I see companies investing vast sums of money in data lakes where they casually dump data with little thought about how it will be used. Later, sorting through this data dump becomes someone else’s problem. That someone else is usually a data engineer tasked with the time-consuming job of identifying, extracting and analyzing a set of data to produce an executive report.
Data dashboards might feel like state of the art to many organizations, but the next generation of value is being created by the companies that build data products — not data dashboards. While there are use cases for data warehouses, I believe companies need a processing layer before the data gets into the data lake or warehouse.
Alastair Appleby, founder and CEO of Gigapipe, weighed in to say that while streaming has a place, not all data goes to die in the data warehouse. You can combine both batch and stream processing to achieve different goals within the same company. It’s very context dependent.
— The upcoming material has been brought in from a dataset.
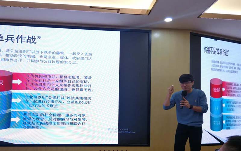 17日上午,全体参会者简要回顾了第一天所学内容后便开启第二天的学习。会议仍分为A、B两会场同时进行。A会场从媒体传播及讲好故事两个角度进行演讲探讨。B会场主题为公益项目设计和管理。

It’s time for data governance to shine
More data sets and more complex pipelines are shining a light on the need for better data governance. Now is the age where non-technical users are increasingly hungry for data and want self-service access, said Leo Lerach of Project A. It’s essential to understand how data is being produced and give that access to people who don’t want to read code.
Martin Salhen, a co-founder of Alvin, said it’s always time for data governance, which is coming to the fore as more companies realize that they need to use the data, not just store it.
This shift brings up compliance requirements, including GDPR. Companies need tools that create more visibility into where data comes from, how data is being used, and where the pain points and problems are.
Reverse ETL and reverse analytics, which is moving data from the warehouse back into the tools, also make it hard to track the data’s lineage, Ole noted.
Is on-premise dead?
Leo posed the question: Is on-premise dead? Gigapipe sees half on-premise and half in the cloud, according to Alastair. While on-premise is typically driven by security and compliance, he sees companies becoming more comfortable with the cloud.
I agree with this forecast, but while security is the biggest driver for physical on-premise or private cloud, some companies are reverting to private servers due to cost. Some organizations revert from the cloud to private servers because the cloud becomes too expensive.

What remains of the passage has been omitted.